Tolga Ackerman | AFP | Getty Images

According to the plan announced by the British authorities, new homes in England will be required to be equipped with charging points for electric vehicles

British Prime Minister Boris Johnson said in a speech at the Confederation of British Industry’s annual meeting: “We are monitoring to require new houses and buildings to be equipped with charging points for electric vehicles. As a result of these regulations, 145,000 charging points will be installed. “

In the speech, Johnson talked about his own experience of driving an electric car. “I tried the first Tesla sold in this country for GQ,” he said. “It has expired on the M40 fast lane, and I regret to say that even though I think they are much better.”

In an announcement issued on Sunday before Johnson’s speech, the British government fleshed out the details of the plan.

In addition to requiring new homes, workplaces, and supermarkets to install electric vehicle charging points from 2022, the regulations will also apply to buildings undergoing major renovations.

The plan to expand charging points comes as the UK is trying to develop the necessary infrastructure to cope with its goal of halting the sale of new diesel and gasoline cars and trucks from 2030. It will also require that from 2035 onwards, all new cars and trucks must have zero exhaust emissions.

When it comes to challenging perceptions of range anxiety, adequate charging options are crucial.

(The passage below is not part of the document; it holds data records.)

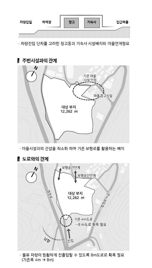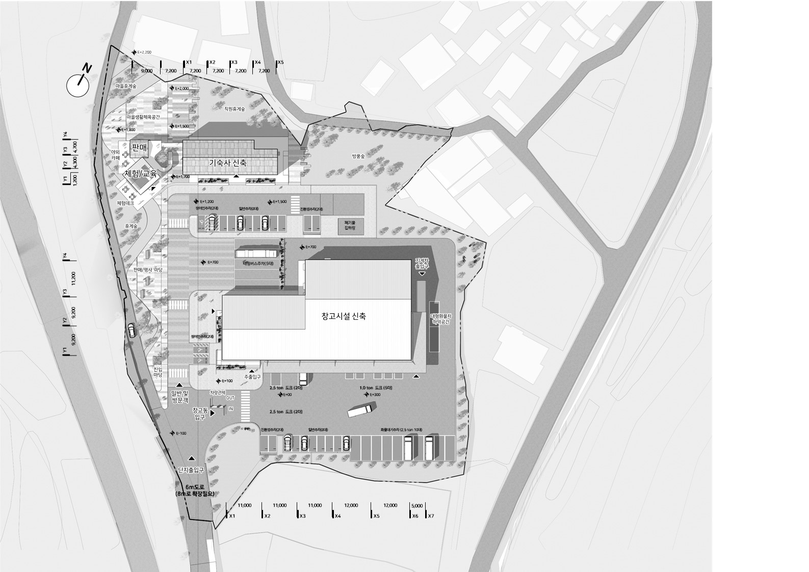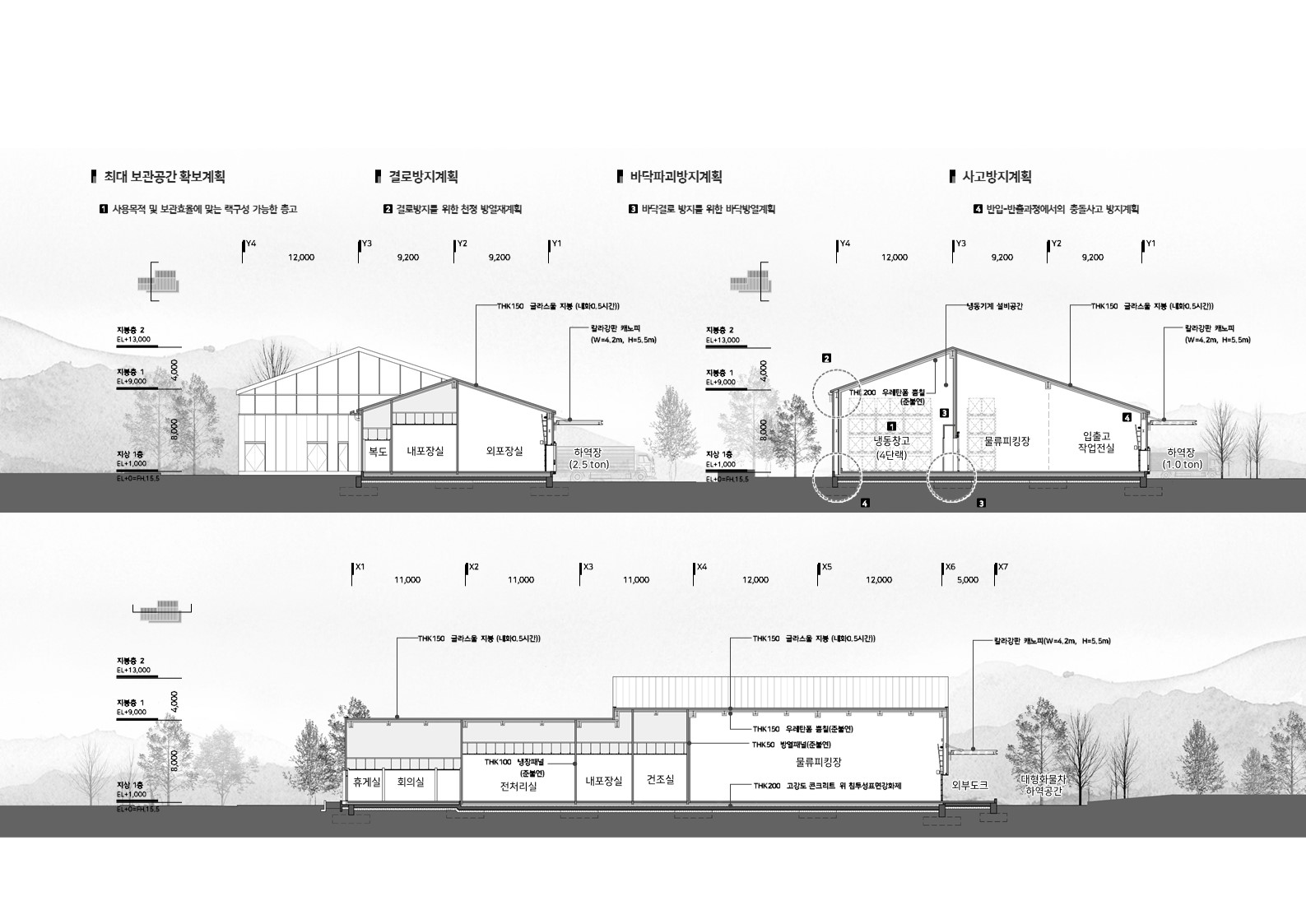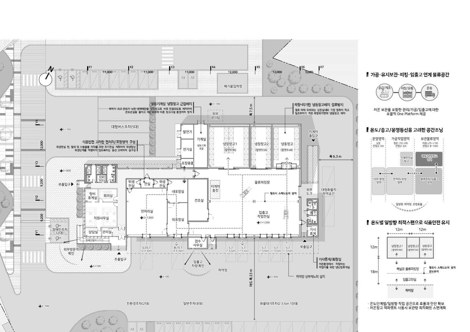 작업자, 운영자, 방문자로 동선을 명확히 구분하고, 보행과 차량의 흐름을 분리하여 안전성과 효율성을 확보하였다. 창고동은 식품 안전과 물류 흐름을 최적화하는 계획을 바탕으로, 합리적인 운영과 고효율의 관리가 가능하도록 구성되었다.
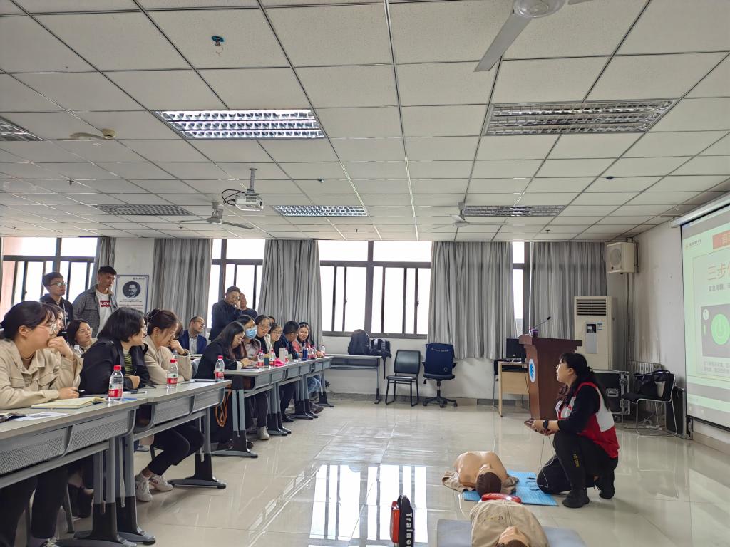 2023年,学工部先后组织后勤服务集团餐厅工作人员、学生处公寓管理中心公寓管理员和二级学院辅导员共150名学员通过培训,取得红十字会CPR+AED救护员证书。近年来,36365官网依托首批全国急救教育试点学校,充分发挥在科学研究、人才培养、志愿服务等方面的资源优势,构建了“四化四提升”急救教育工作体系,推动学校应急救护队伍建设,加快构建应急教育培训体系,现有应急救护培训师资5名,红十字救护员300余名,持有心肺复苏(CPR+AED)证书师生1026名,他们将更有信心和勇气应对“救”在身边的突发状况,为36365官网师生加上一道生命保险。自2020年起,36365官网积极推动大学生应急自救互救技能全员化、普及化发展,将应急救护列入新生军事训练科目,开展宿舍长应急安全技能培训,教育引导学生掌握正确的急救知识,提升自救互救能力,确保大学生急救教育工作抓到细处、落在实处,不断营造“人人学急救,急救为人人”的校园文化氛围。
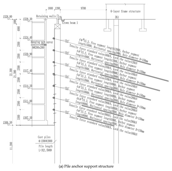 Support pile is a commonly used support method in foundation pit engineering, which mainly bears the active earth pressure of the foundation pit and combines with the crown beam to form a stable support structure [20,21]. The plane size of the foundation pit is large, and the working space is sufficient, so a reinforced concrete support pile + prestressed anchor cable is used to form an effective support scheme.
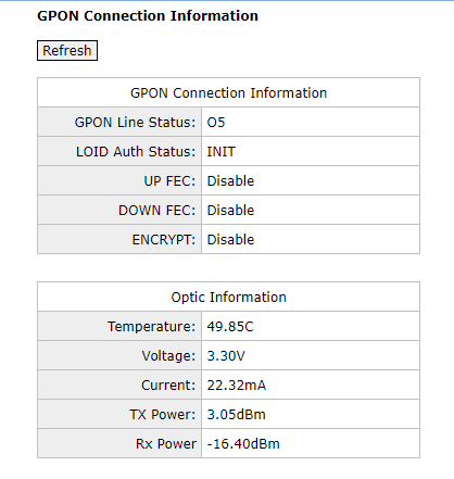 Koji router? Ako je modul 10.10.1.1, na .2 bi mogao biti router. Koju IP si dodijelio PCju? guest/guest za web ui, ali mislim da si sve dobro napravio, jedina razlika što je meni HWTC... s/n jer sam imao huawei. Na web UI se vidi i SN i SLID (password) - meni se čini da ti je nešto drugo krivo, sa PPPoE. Minimum da bi radilo je jedan vlan (100) nakačen na SFP i onda pppoe client na taj vlan. Slika u attachu. Do statusa se može i preko web ui, ako je nekome tako lakše (guest/guest za login, GPON information tab).
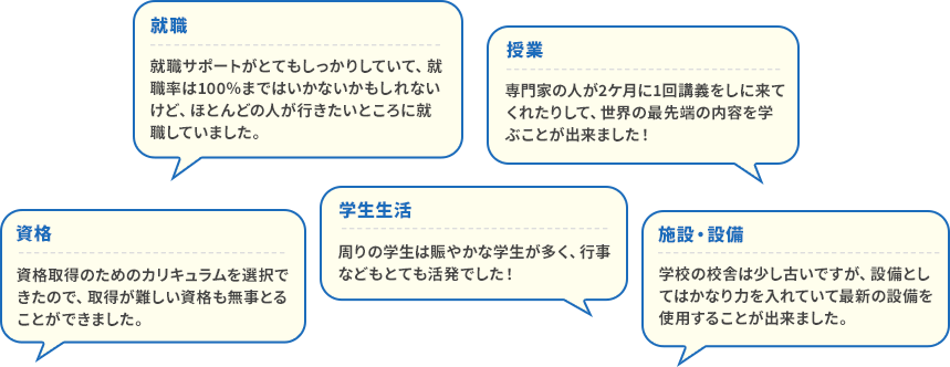 みん専には、卒業生の口コミが2万件以上掲載されています!学校の雰囲気など実際に通った卒業生にしか分からないことが、口コミで知ることが出来ます!
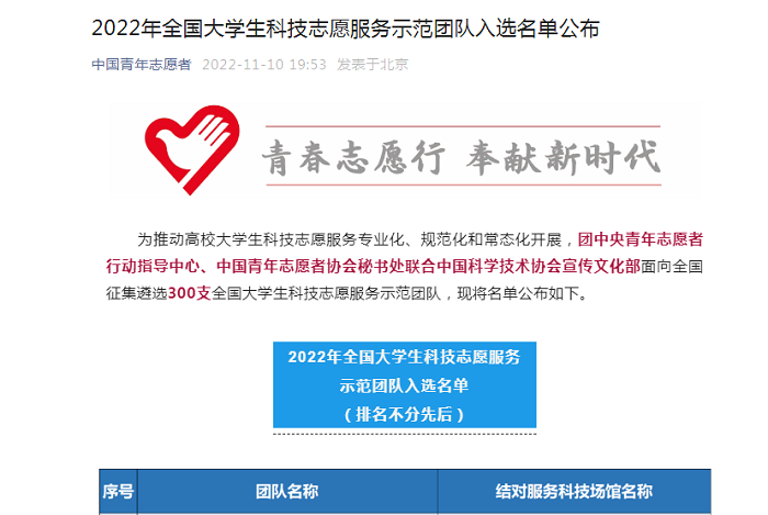 人工智能志愿服務隊此次入選,是今年10月由團中央青年志愿者行動指導中心、中國青年志愿者協(xié)會秘書處聯(lián)合中國科學技術協(xié)會宣傳文化部,按照《中國科協(xié) 教育部 共青團中央 中央文明辦關于聯(lián)合開展高校大學生科技志愿服務工作的通知》精神,面向全國高校遴選300支大學生科技志愿服務示范團隊,旨在推動高校大學生科技志愿服務專業(yè)化、規(guī)范化和常態(tài)化開展。

Range anxiety refers to the idea that electric vehicles cannot travel long distances without losing power and getting into trouble.

Those who responded to this week’s announcement included Mike Childs, Friends of the Earth’s policy chief.

Childs said: “The design of our houses and buildings should help to meet the challenges of the climate crisis, including charging stations, because electric vehicles play an important role in building a zero-carbon future.”

“Ministers must also introduce financial incentives, such as scrapping programs, to help encourage people to switch to cleaner vehicles,” Childs said, before adding that people need to be encouraged to reduce their use of cars.

He said: “The new housing should also include safe bicycle storage, safe bicycle lanes and high-quality public transportation to provide a real alternative to driving.”

Read more about electric vehicles from CNBC Pro

As people’s concerns about the environmental footprint of transportation intensify, major economies and companies are looking for ways to develop and launch low- and zero-emission vehicles on a large scale.

Earlier this month, the signatories of the COP26 climate change summit declaration stated that they will “work hard to achieve zero emissions in all sales of new cars and trucks worldwide by 2040, and zero emissions in major markets by 2035 at the latest.”

Although the United States, China, and automakers such as Volkswagen and Toyota did not participate in the declaration, the signatories did include the governments of the United Kingdom, India and Canada, as well as major automobile companies such as Ford, General Motors and Volvo Cars.